We forecast a 0.2% decline in the CPI in July

We project that the consumer price index (CPI) will fall 0.2% in July. If our forecast materialises, twelve-month inflation will rise marginally, from 2.2% to 2.3%.
The inflation outlook for the remainder of the year is positive. As before, we assume that inflation will rise next year, as economic activity gathers pace, but remain well below the average of recent years. Statistics Iceland (SI) will publish the July CPI at 9:00 hrs. on 23 July

Summer sales at their peak, but many prices are on the rise

With summer sales in full swing, sales are a leading factor in the drop in the CPI in July.
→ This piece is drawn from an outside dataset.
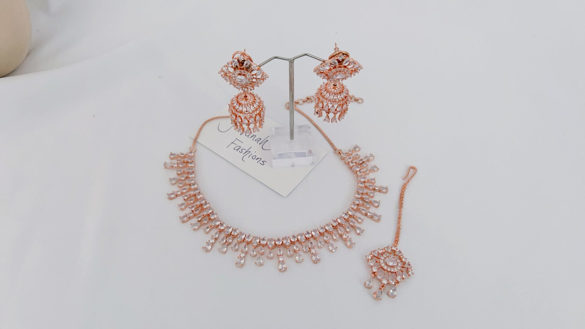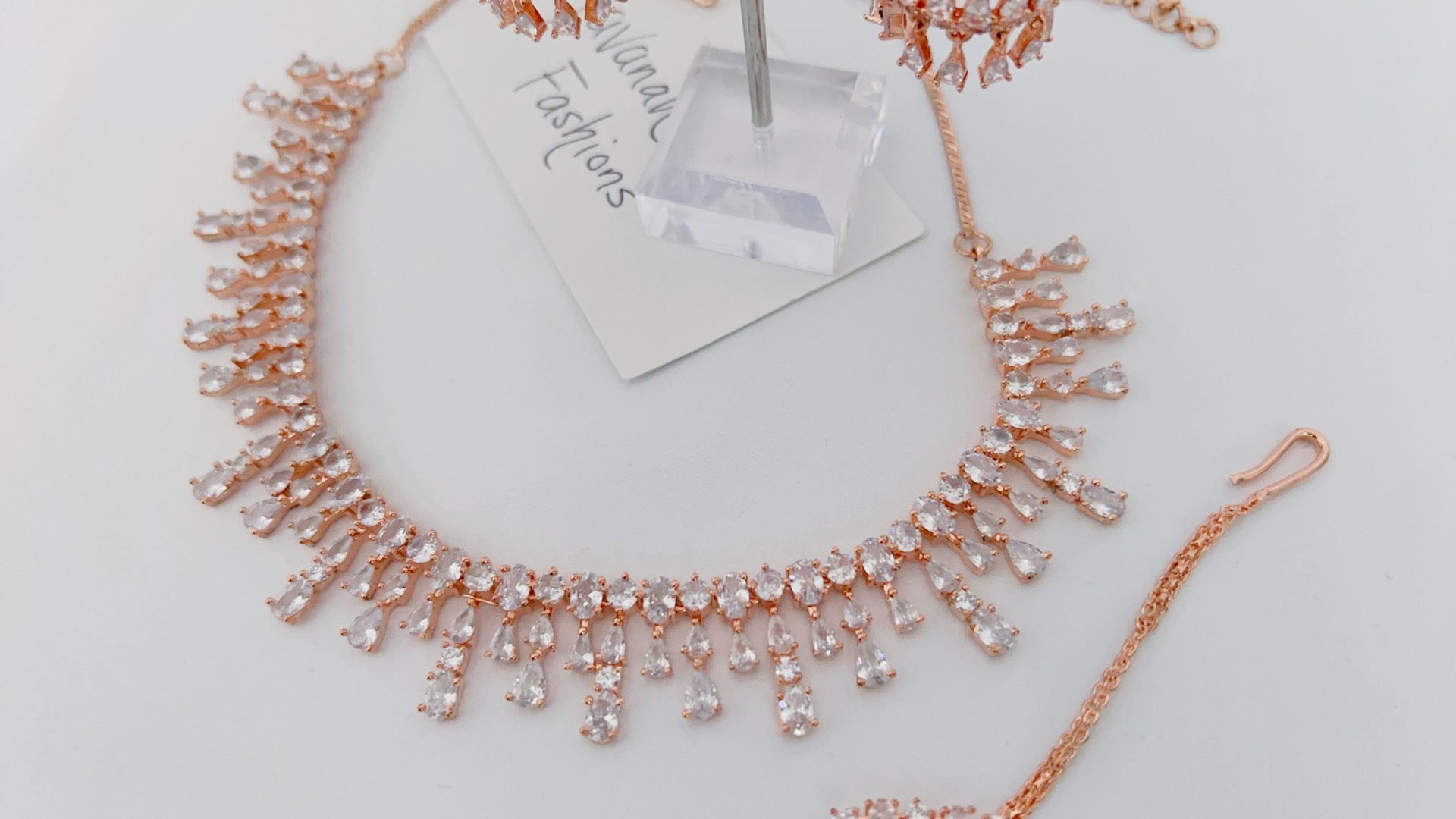 Traditional style meets contemporary in this beautiful American diamond cut choker set with a rose base and rose stones. Pair this set with your south asian or western attire.

We expect this year’s sales effects to be similar to those in recent years, with clothing and footwear prices lowering the index by 0.5% during the month.

On the other hand, indicators suggest that a number of CPI components will rise somewhat in July. The main source of upward pressure is the rise in the travel and transport component (0.10% CPI effect), which is due to an increase in fuel prices (0.06% CPI effect) and airfares (0.05% CPI effect) since SI’s last measurements. Furthermore, we expect a marked rise in the housing component (0.09% CPI effect), owing primarily to Reykjavík Energy’s price hikes in electricity and home heating (0.04% CPI effect). According to our analysis of housing market data, imputed rent (which primarily reflects the market price of housing) rose by 0.2% between June and July (0.03% CPI effect). Our price measurements indicate that condominium prices in the greater Reykjavík area rose, whereas detached housing in greater Reykjavík and overall housing in regional Iceland declined in price.
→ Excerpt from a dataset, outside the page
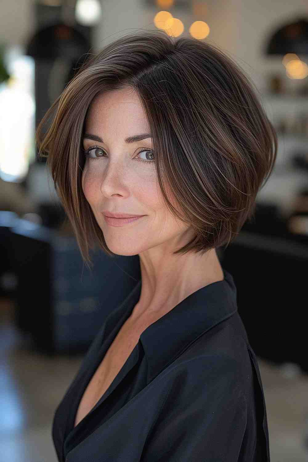 This A-line bob showcases a harmonious blend of structure and movement, perfect for the sophisticated woman over 50 who desires a style that balances contemporary flair with classic finesse. The subtle highlights add a gentle contrast, giving depth and dimension to the chocolate brown base, creating a soft yet impactful visual appeal. The precision cutting technique ensures a flattering silhouette that gracefully frames the face, making it a versatile choice for various occasions.

Telecom companies made major price changes at the beginning of July, and we expect telephone services to raise the CPI by 0.05% as a result. And finally, we anticipate a CPI effect of 0.04% from increased hotel and restaurant services. We expect other items to make less of an impact.

Inflation broadly unchanged through the year-end

The next two months will be coloured by end-of-sale effects and seasonal increases in various services items. The price reductions owing to summer sales are short-lived, of course, and will reverse entirely during this period. In addition, services related to culture, recreation, and athletic activities generally rise at the end of summer.
We forecast a 0.4% rise in the CPI in both August and September, followed by a 0.1% increase in October. According to our forecast, inflation will measure 2.4% in August and September and 2.5% in October. We then expect it to taper off slightly, falling to 2.2% by the year-end.
We then expect inflation to rise somewhat in 2015. We assume that an output gap will develop, with accelerated wage increases and a continued rise in real house prices. We project inflation to average 3.0% in 2015 and 3.1% in 2016. Our long-term forecast is based on several assumptions: that house prices will rise by 5-7% each year during the forecast horizon, that wages will rise more rapidly starting in 2015, as the output gap widens, and that the ISK exchange rate will remain close to its current level.